The induction of tumour suppressor protein P53 limits the entry of cells into the pluripotent inner cell mass lineage in the mouse embryo.

The early preimplantation embryo is susceptible to a range of exogenous stresses which result in their reduced long-term developmental potential. The P53 tumour suppressor protein is normally held at low levels in the preimplantation embryo and we show that culture stress induces the expression of a range of canonical P53-response genes (Mdm2, Bax and Cdkn1a). Culture stress caused a P53-dependent loss of cells from resulting blastocysts, and this was most evident within the inner cell mass population. Culture stress increased the proportion of cells expressing active caspase-3 and undergoing apoptosis, while inhibition of caspase-3 increased the number of cells within the inner cell mass. The P53-dependent loss of cells from the inner cell mass was accompanied by a loss of NANOG-positive epiblast progenitors. Pharmacological activation of P53 by the MDM2 inhibitor, Nutlin-3, also caused increased P53-dependent transcription and the loss of cells from the inner cell mass.

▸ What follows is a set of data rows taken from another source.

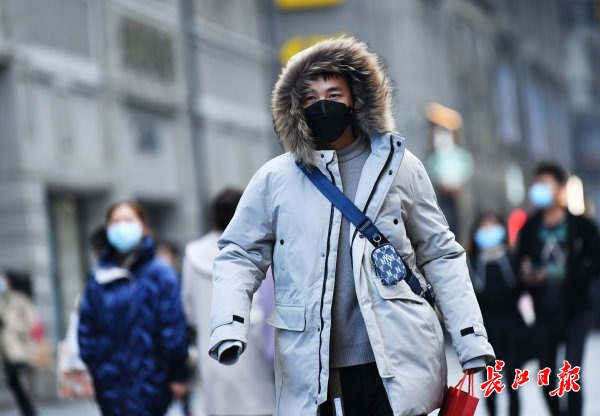 12月16日,在江汉路上,人们在凉风中逛街。 长江日报记者喻志勇 摄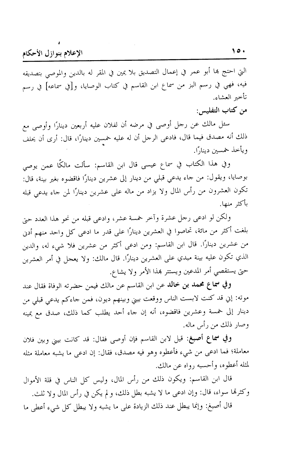 وفي هذا الكتاب في سماع عيسى قال ابن القاسم: سألت مالكًا عمن يوصي بوصايا، ويقول: من جاء يدعي قبلي من دينار إلى عشرين دينارًا فاقضوه بغير بينة، قال: تكون العشرون من رأس المال ولا يزاد من ماله على عشرين دينارًا لمن جاء يدعي قبله بأكثر منها.
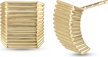 Light bounces off the ridged surface of these elegantly curved stud earrings handcrafted from gleaming 14-karat gold.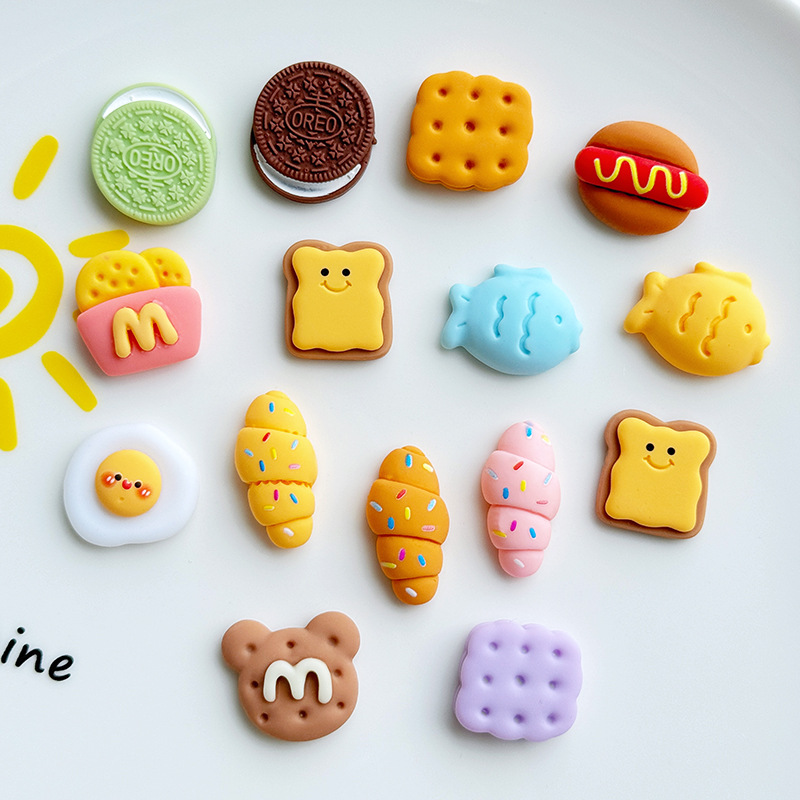 磨砂可爱饼干薯条仿真食玩树脂diy饰品洞洞鞋奶油胶冰箱贴片材料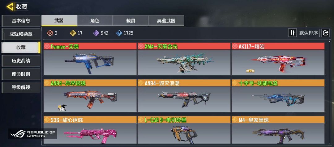 3神话,17传说,短剑无畏,xm4天策含光,ak117熔岩,an94异界银狼,卢卡斯高达联动皮

This loss of cells could be ameliorated by simultaneous treatment with the P53 inhibitor, Pifithrin-α. Culture stress causes reduced signalling via the phosphatidylinositol-3-kinase signalling pathway, and blocking this pathway caused P53-dependent loss of cells from the inner cell mass. These results point to P53 acting to limit the accumulation and survival of cells within the pluripotent lineage of the blastocyst and provide a molecular framework for the further investigation of the factors determining the effects of stressors on the embryo's developmental potential.